Start Date: June 1996
The Teaching Team for the Pilot includes:

Lindsay Barrett, Subject Co-ordinator, Marion Benjamin, Multimedia Co-ordinator
Bob Hodge, Pilot Co-ordinator, Steven Maras, Pilot Co-ordinator


From a teaching and learning perspective, videoconferencing is usually seen as a way to transmit the lecturer's spoken and graphic content to the student, with interaction limited to spoken responses. This pilot seeks to challenge the technical and pedagogic limits of the technology by incorporating into all parts of the process the richest possible mix of audio-visual material, and interactive possibilities.
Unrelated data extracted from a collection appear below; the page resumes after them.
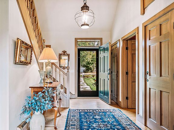 This beautifully expanded Cape-style home, designed by Royal Barry Wills, blends timeless charm with modern amenities, high energy efficiency, and classic design. The property boasts striking curb appeal, with elegant stone walls and native stone walkways leading to the entrance. Step inside where spacious expansive living spaces feature the highest quality finishes. Wide windows embrace  breathtaking views.  A brand-new custom country kitchen features state-of-the-art appliances, an abundance of custom storage even a hidden pantry/coffee bar. The adjacent screen porch will become your sanctuary & an ideal place to entertain. The gracious living room, and library, each feature quality built-ins and wood-burning fireplaces. The primary suite is located on the main level. Upstairs, two bedrooms share an en-suite bath.  The lower level provides a fourth bedroom option or an area ideal for a home business.  There are options for work-out space, a craft room, full bath & workshop. A professionally designed landscape includes a  stunning outdoor living & dining area complete with a wood burning fireplace, native stone terracing, outdoor grill area, abundant gardens, winding granite steps through lush gardens even a secret reading spot! Solar panels are discretely located & designed to move with the sun. Situated on 10 private  acres, this home is just a short walk to the shops & restaurants in the  New London village!
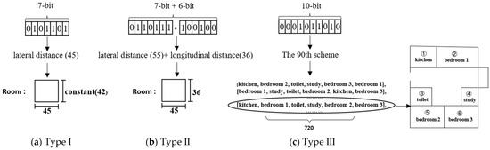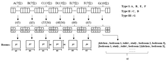 There are many encoding forms of chromosomes in differential evolution algorithm [38]. In this paper, binary coding is adopted, and the parameters of distribution space are expressed in the form of chromosome bit string based on character set {0,1}. In this paper, taking block diagram ④ as an example, the plan is divided into seven parts: room β1–β6 and information of distribution location of each room, the chromosomes of the population are composed of the coding arrangement of all variables (as shown in Figure 5), A-F correspond to 6 rooms respectively, and G represents the position information of their arrangement. The process of gene corresponding to individual is explained in detail (Figure 6). When generating and arranging rooms, the proportion needs to meet certain constraints, but this relationship is by no means specific, and can only be determined according to the design style, room type and user requirements. The result of this algorithm is only the preliminary blueprint of the design, which provides the possibility for users and designers to discuss. Therefore, there may be small errors between the parameters and the actual situation.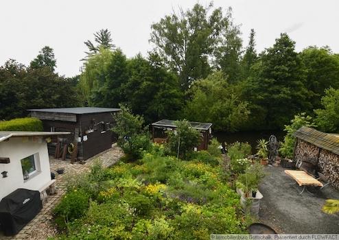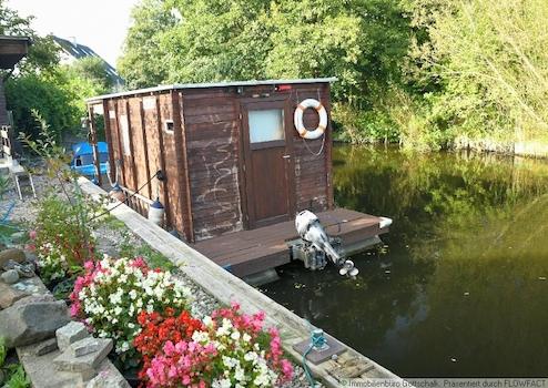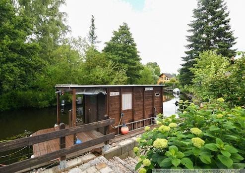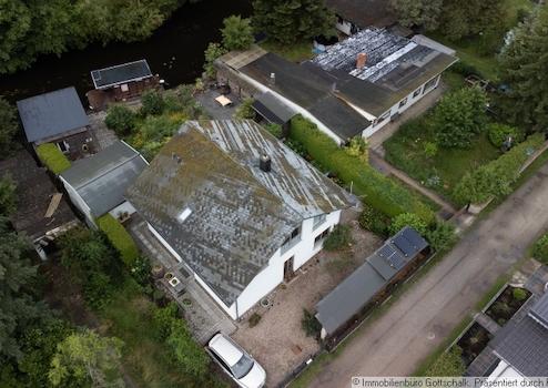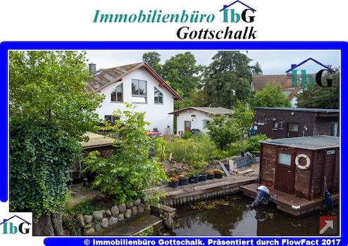 Das Grundstück ist zu drei Seiten mit Zäunen und Hecken eingefriedet und nach Nord-Osten begrenzt ein befahrbarer Seitenarm des Oder-Havel-Kanals. Es ist mit einem modernem Wohnhaus sowie mit Nebengelass bebaut.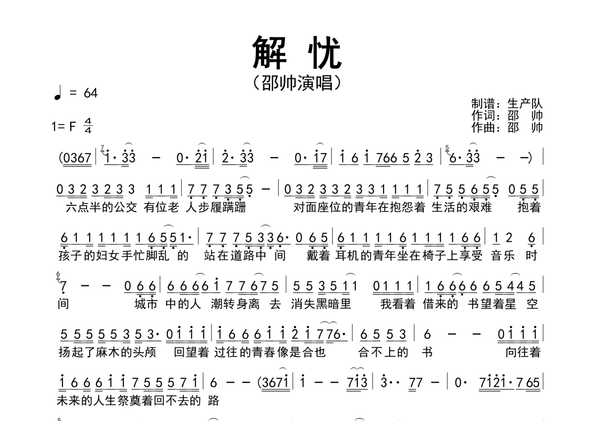 解忧邵帅《解忧》简谱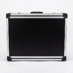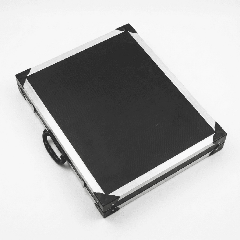 The finished conductive PP corrugated case: aluminum edge banding, anti-static corner protectors, metal locks and handle.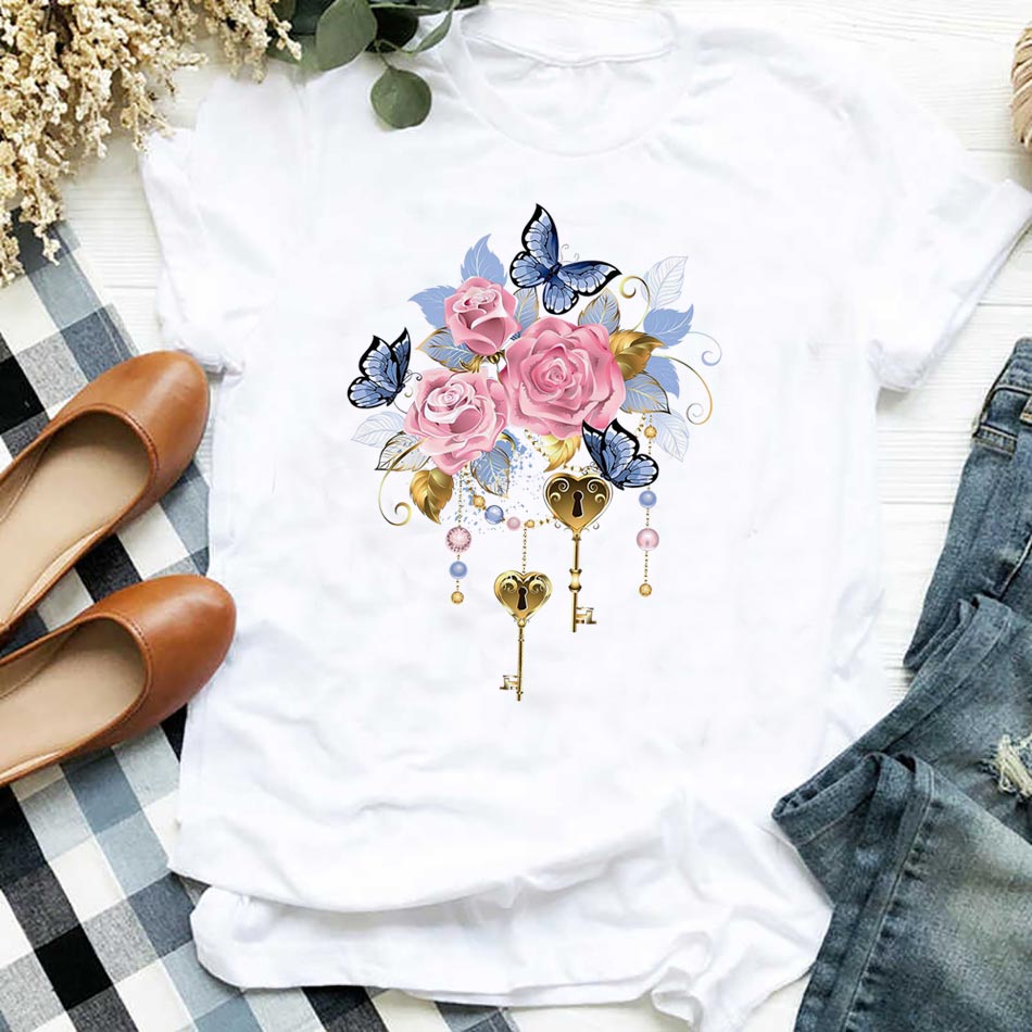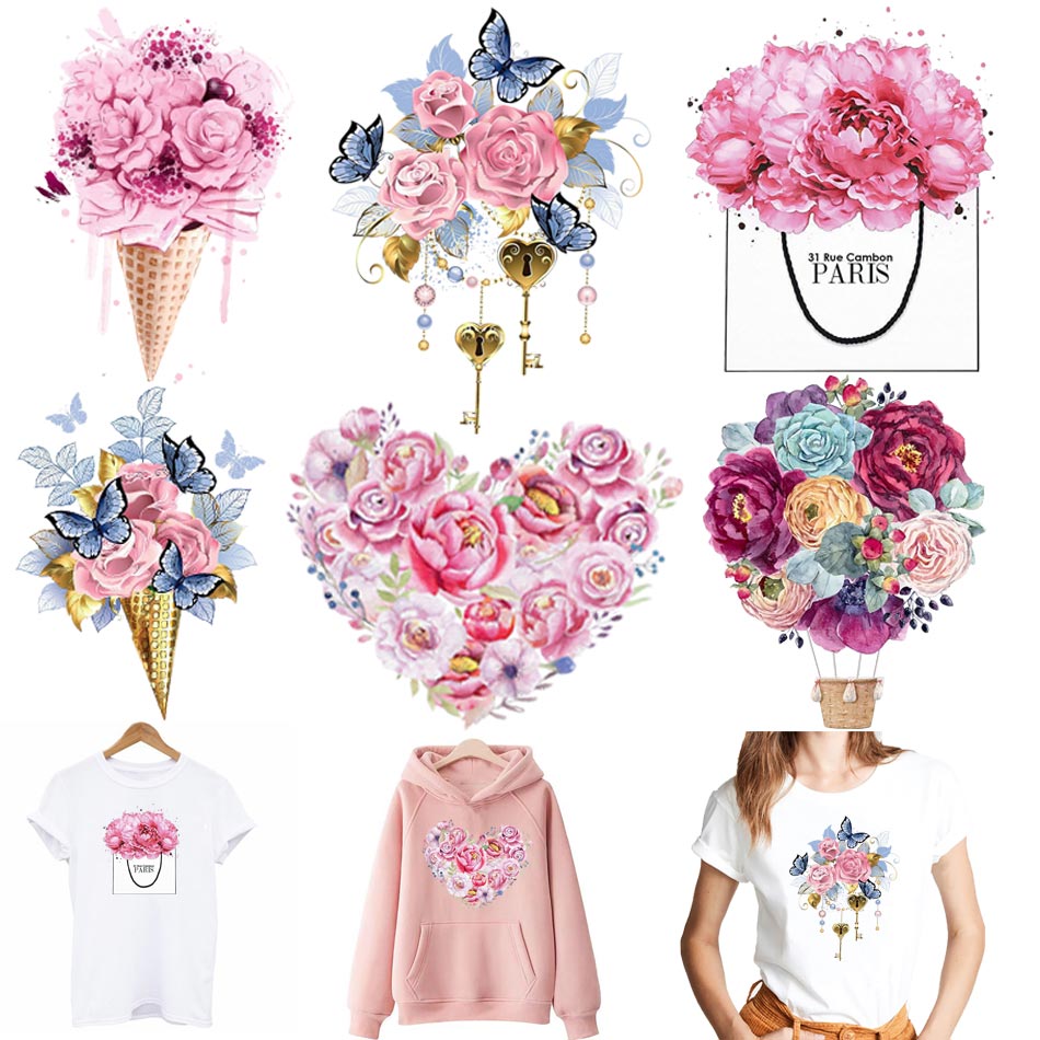 Beautiful Flowers Thermal Sticker On T-shirt DIY Washable Iron On Transfer For Clothing Funny Design Patches On Clothes Applique

The pilot envisages the teleseminar as a multi-layered exchange of texts, frameworks, practices, and philosophies between workshop groups.

Different channels of communication have an effect on what is said, and what can be said, in any forum. This pilot explores this argument by allowing the medium to become part of the message--by allowing the technology itself to become a subject in the course. It provides UWS students with a unique opportunity to evaluate and engage with a technology that will increasingly define the horizon of their teaching and learning.

Ideally, the pilot should be seen as a laboratory for developing a range of models of teaching and learning that will assist the UWS community in its future applications of this technology.

Video-conferencing is an excellent vehicle for articulating and extending the issues with which a course like Videography seeks to engage. Video-writing, or more broadly, the whole set of practices associated with the 'Audio-Visual' represents a complex transformation of what can take place in the classroom, and the very meaning of the classroom itself. This complexity provokes both excitement and anxiety on the part of academics and students. Against a model of technological determinism which sees pedagogy moulded to the demands of technology, to 'course delivery', this pilot attempts to provide academics and students with an opportunity to shape the technology in order to enhance innovative teaching and learning.


So How Does Plato Fit in? . . .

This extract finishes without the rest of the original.